• **YOUR ASSIGNMENT**: Every line from the start of the records through the line with "如果您转到开发者设置>通过W" is to be written out exactly; pictures are not.

[Collected data]
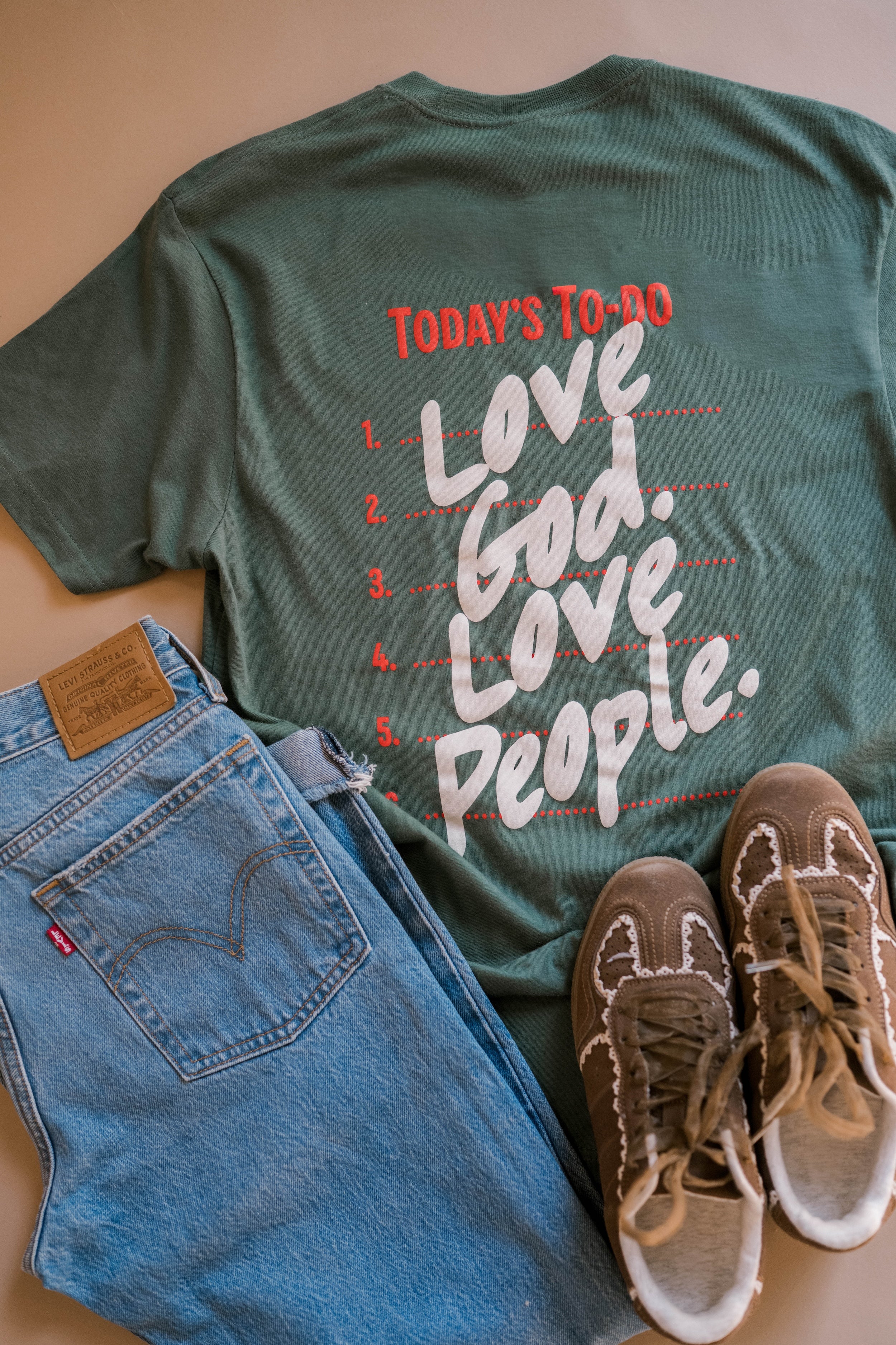 Love God Love People Tee- Muted Green
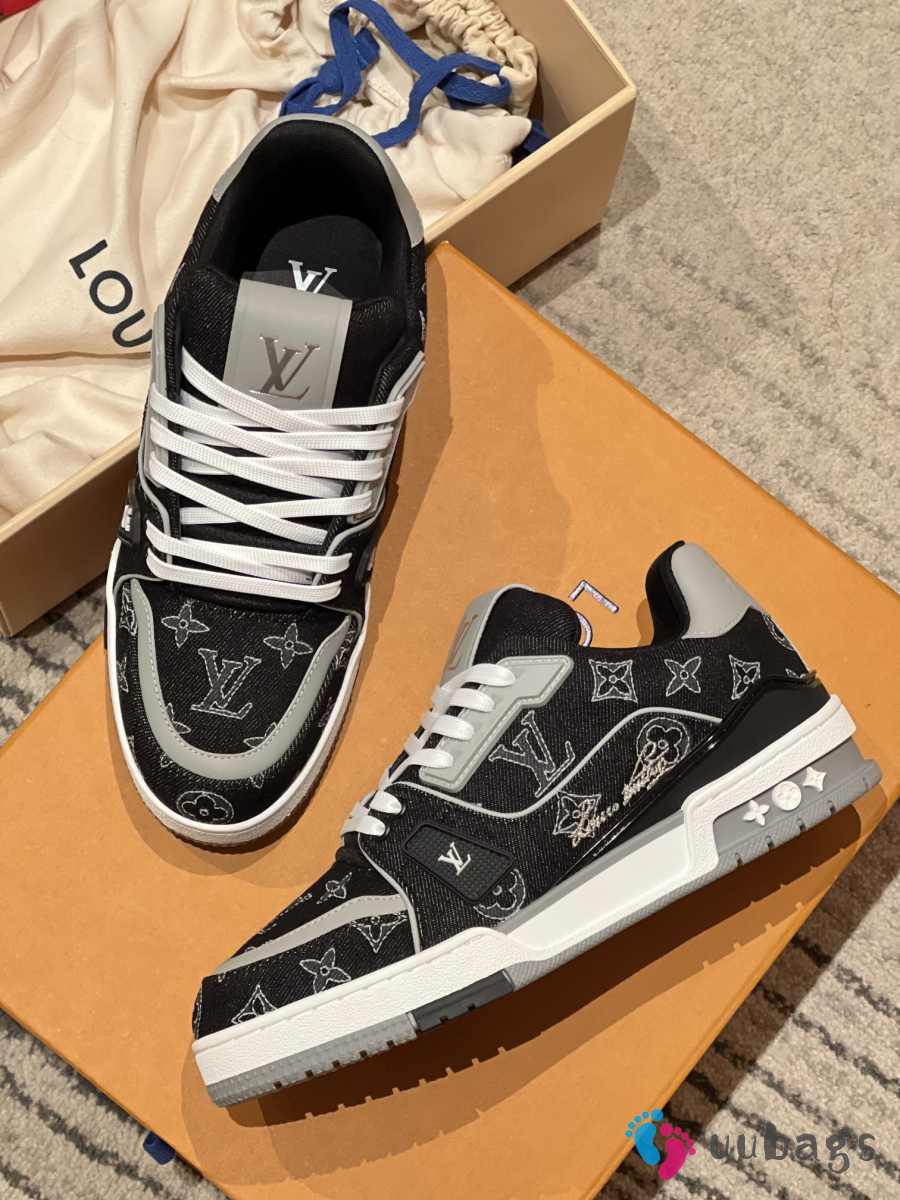 Uubags Louis Vuitton 1AJ338 Trainer Sneaker In Denim Noir
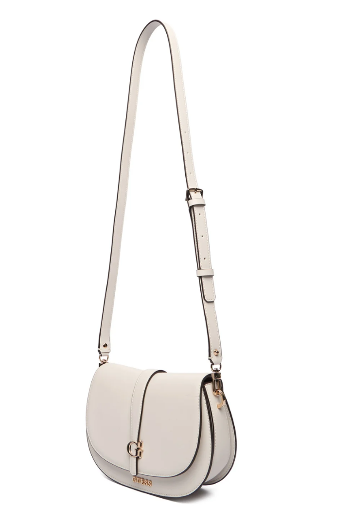 Διαθέτει αφαιρούμενη χειρολαβή καθώς και ρυθμιζόμενο λουράκι ώμου, επιτρέποντας να φορεθεί είτε στον ώμο είτε χιαστί. Η εκρού απόχρωση και ο διαχρονικός σχεδιασμός Guess δημιουργούν ένα fashion αξεσουάρ που ταιριάζει εύκολα σε κάθε στυλ.
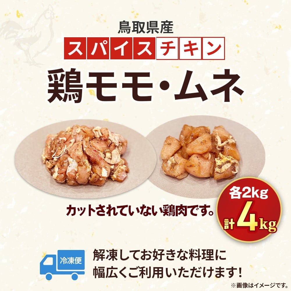 - 【鳥取県産 スパイスチキン】 選べる種類! 2kg〜4kg 鶏肉 鶏もも 鶏むね 若鶏 骨付きもも チキン 鳥取県 倉吉市
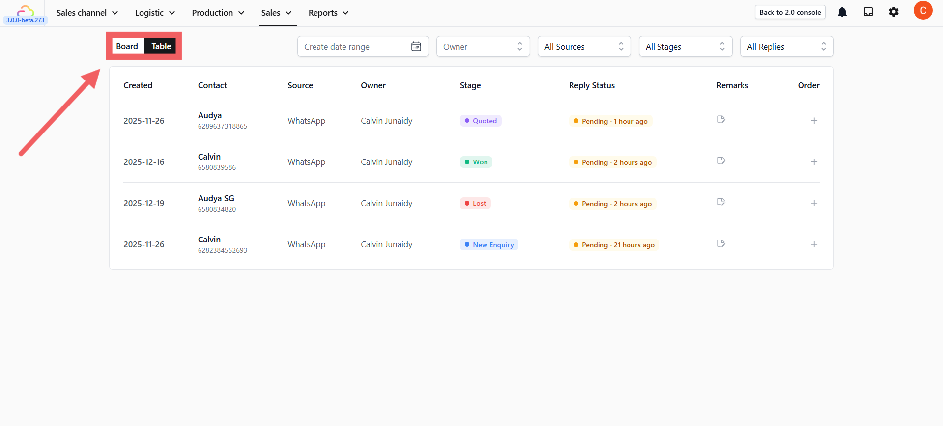 - A customer messages you on WhatsApp → A deal is automatically created under New Enquiry.
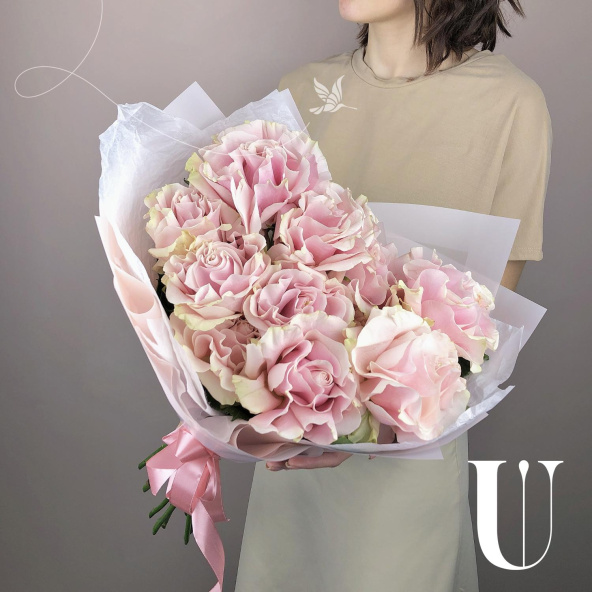 Монобукет из 9 роз Пинк Мондиаль в упаковке
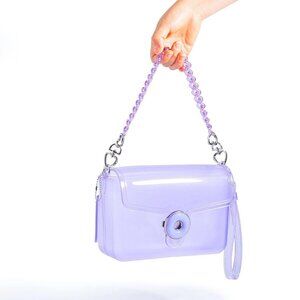 Step into a world of vibrant style and functional elegance with our Jelly Tabby Bag. This eye-catching accessory revives vintage charm with a modern twist, featuring a transparent jelly design and tonal hardware accents that capture contemporary flair. Versatile Carrying Options: Easily switch from a chic wristlet to a hands-free shoulder bag or a stylish crossbody. The detachable wrist strap and adjustable crossbody strap are designed to adapt to your needs, whether you're heading to a casual outing or an evening event. Compact Yet Spacious: Despite its compact size, this jelly bag offers surprising spaciousness, allowing you to carry your daily essentials with ease. With dimensions of 8 3/4" x 5
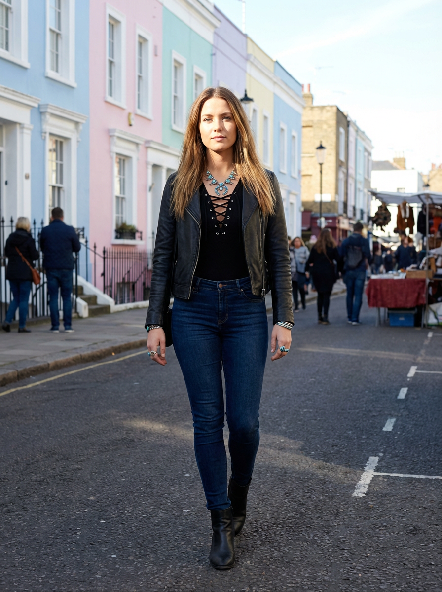 model in Notting Hill, colorful pastel houses, charming street scene, fashionable outfit, sunny day
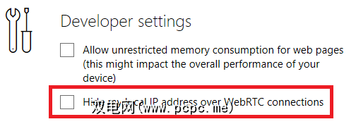 如果您转到开发者设置>通过WebRTC连接隐藏我的本地IP地址,则可以快速修复缺陷。
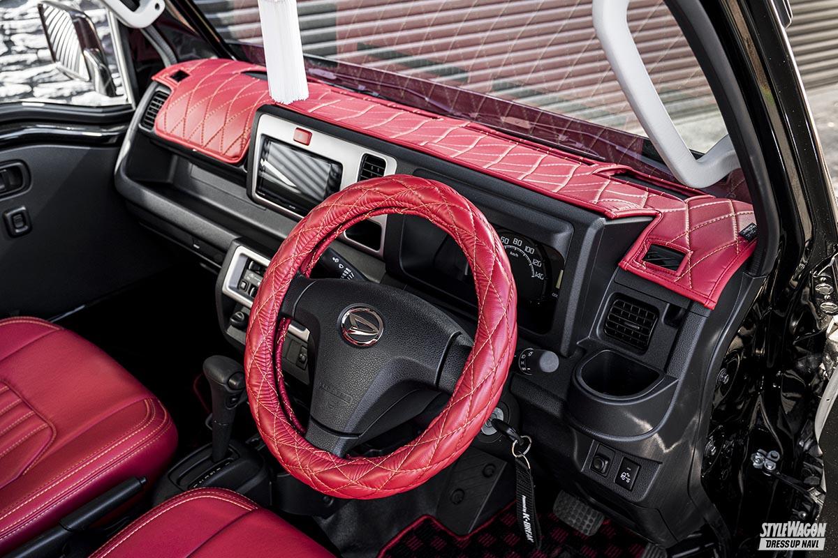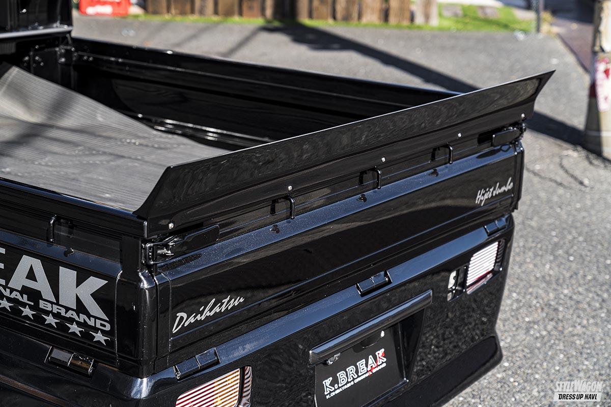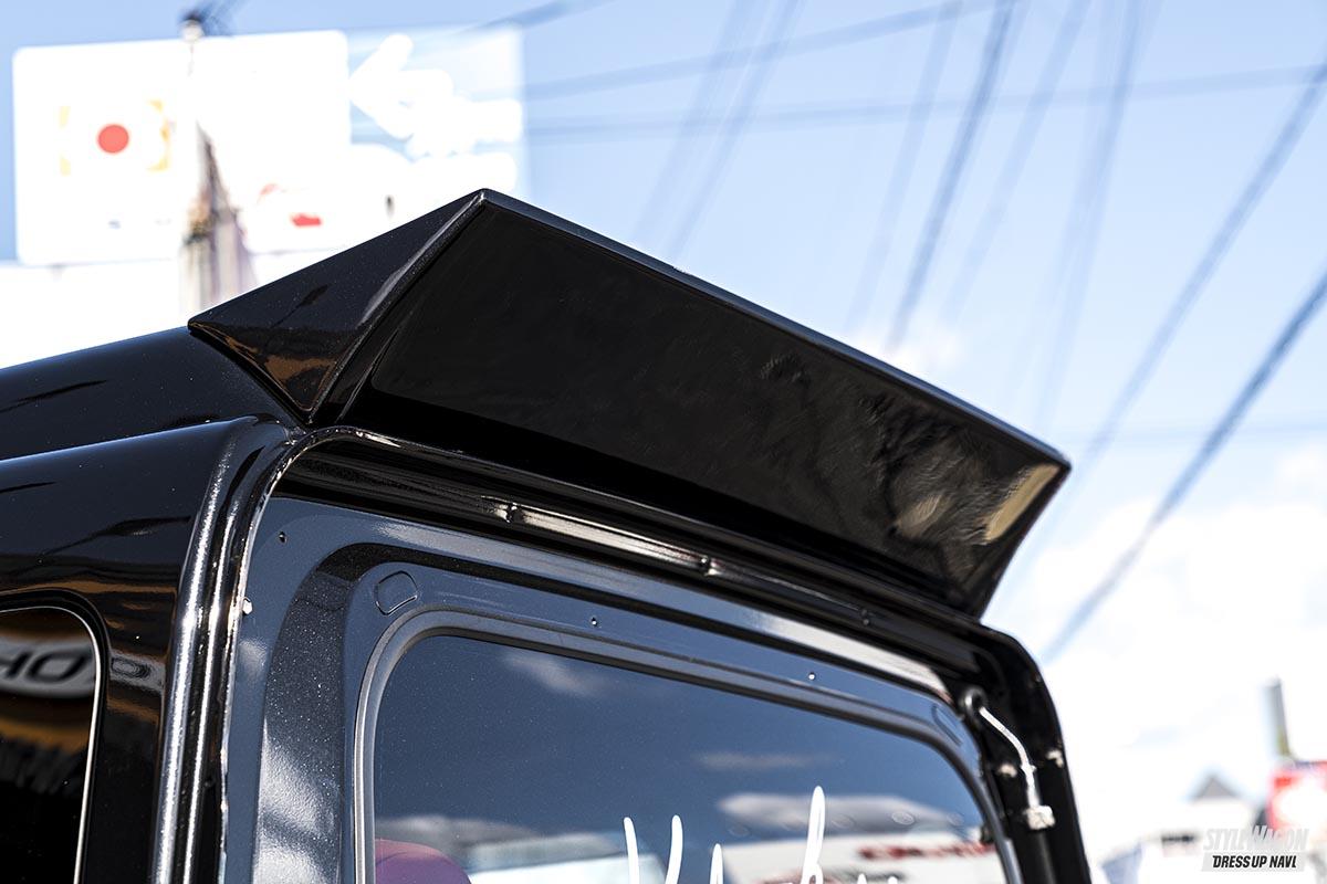 エアロパーツ 軽トラドレスアップの原点回帰! ワイド&ローで打ち出す重厚なVIPスタイルが圧巻【軽トラカスタムがいま面白い!】【写真・7枚目】 純正のワイパーを隠し、見た目をスッキリと見せるワイパーガード。ゴチャゴチャ感がなくなるオススメ商品。 勢い良く反り上げたルーフウイングは、エアロとの相性もバツグン。視覚的にキャビンを長く見せてくれる。 後方のあおりに付けるリアウイングも用意。エアロにも負けないボリューム感と、絶妙な反り具合で魅了する。 往年のVIPを彷彿とさせる、エアロ専用のハネ上げ&ハス切りマフラー。デモカーはインナーを赤でペイント。 この画像の記事を読む
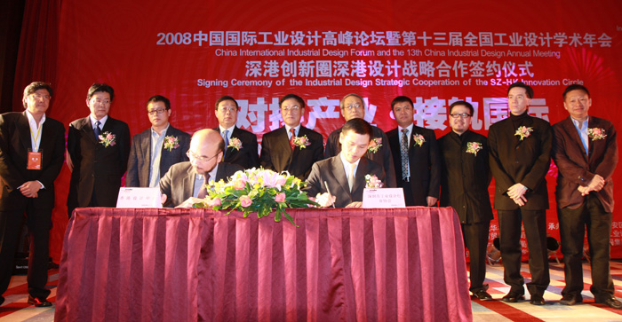 2008首届中国深圳国际工业设计节,同时也是中国国际工业设计论坛暨第十三届全国工业设计学术年会。由中国工业设计协会理事长朱焘、深圳市党组副书记刘应力、深圳市文化产业发展办公室主任郭永航、香港设计中心董事会主席罗仲荣、中国机械工程学会工业设计分会常务副理事长胡志勇、深圳市科协主席周路明、深圳市宝安区副区长王立新、深圳市工业设计行业协会创会会长刘志雄等启动深港创新圈深港设计战略合作,构筑了工业设计与国际化合作的平台。
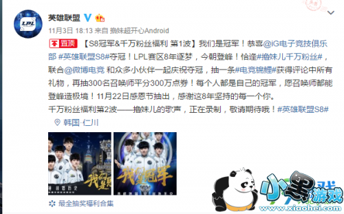 关注英雄联盟官方微博+转发微博即可参加英雄联盟电竞锦鲤。获得评论中所有礼物,再抽300名召唤师平分300万点券!11月22日感恩节抽出!
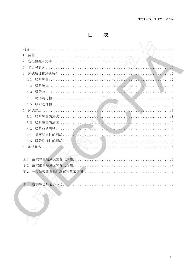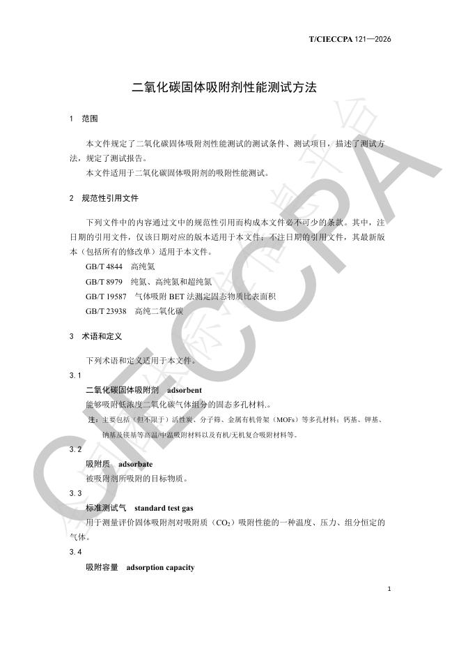 T/CIECCPA 121-2026 二氧化碳固体吸附剂性能测试方法
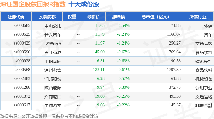 深证国企股东回报R(470064)指数十大成份股详情如下:
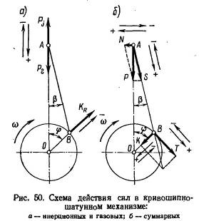 в плоскости качания шатуна:
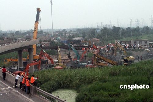 七月十五日凌晨一時(shí)三十三分,津晉高速公路港塘收費(fèi)站八百米外匝道橋坍塌,五輛載貨車墜落,造成六人死亡,四人受傷。事故發(fā)生后,天津市各相關(guān)部門迅速趕到現(xiàn)場(chǎng)實(shí)施救援清理。截至目前,受傷人員傷情穩(wěn)定,沒有生命危險(xiǎn)。各項(xiàng)善后工作正在有序進(jìn)行。事故原因正在調(diào)查中。中新社發(fā) 郭曉帆 攝
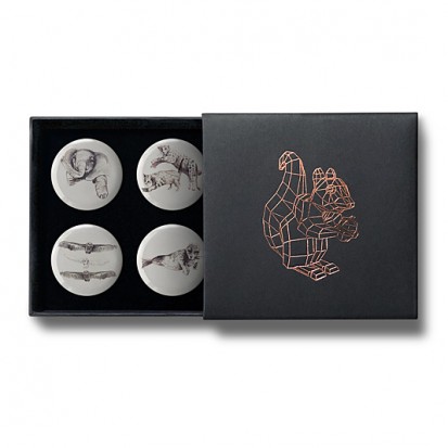This elegant matchbox-style gift box contains four designs from Stereohype's growing button badge collection – now available for the first time in this superb packaging solution. A rose-gold foil-blocked Stereohype mascot squirrel was hand-printed in the UK at the top of the gift box (outside dimensions: 75 x 72 x 16mm). Inside the beautiful matt black cardboard gift box is a black flock pad and badges are directly pinned into it. All Stereohype button badges available at stereohype.com are classic high quality one inch (25mm) metal back badges with so-called D-pin (although it looks more like an 'e'). Tiny stickers at the back of each button badge mention the artist, release date, series number, etc. Badges are manufactured with love and care in the United Kingdom.
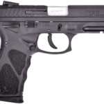 The Taurus TH series features hammer-fired, SA/DA with a manual safety and an ergonomic, textured polymer grip/frame with an integrated accessory rail. The matte black carbon steel slide has front and rear drift adjustable Novak sights. The full-size TH pistol has a 4.25″ slide for an OAL of 7.72″ and interchangeable backstraps.

• **ANSWER TO THIS PROBLEM**:
 Love God Love People Tee- Muted Green
 Uubags Louis Vuitton 1AJ338 Trainer Sneaker In Denim Noir
 Διαθέτει αφαιρούμενη χειρολαβή καθώς και ρυθμιζόμενο λουράκι ώμου, επιτρέποντας να φορεθεί είτε στον ώμο είτε χιαστί. Η εκρού απόχρωση και ο διαχρονικός σχεδιασμός Guess δημιουργούν ένα fashion αξεσουάρ που ταιριάζει εύκολα σε κάθε στυλ.
 - 【鳥取県産 スパイスチキン】 選べる種類! 2kg〜4kg 鶏肉 鶏もも 鶏むね 若鶏 骨付きもも チキン 鳥取県 倉吉市
 - A customer messages you on WhatsApp → A deal is automatically created under New Enquiry.
 Монобукет из 9 роз Пинк Мондиаль в упаковке
 Step into a world of vibrant style and functional elegance with our Jelly Tabby Bag. This eye-catching accessory revives vintage charm with a modern twist, featuring a transparent jelly design and tonal hardware accents that capture contemporary flair. Versatile Carrying Options: Easily switch from a chic wristlet to a hands-free shoulder bag or a stylish crossbody. The detachable wrist strap and adjustable crossbody strap are designed to adapt to your needs, whether you're heading to a casual outing or an evening event. Compact Yet Spacious: Despite its compact size, this jelly bag offers surprising spaciousness, allowing you to carry your daily essentials with ease. With dimensions of 8 3/4" x 5
 model in Notting Hill, colorful pastel houses, charming street scene, fashionable outfit, sunny day
 如果您转到开发者设置>通过WebRTC连接隐藏我的本地IP地址,则可以快速修复缺陷。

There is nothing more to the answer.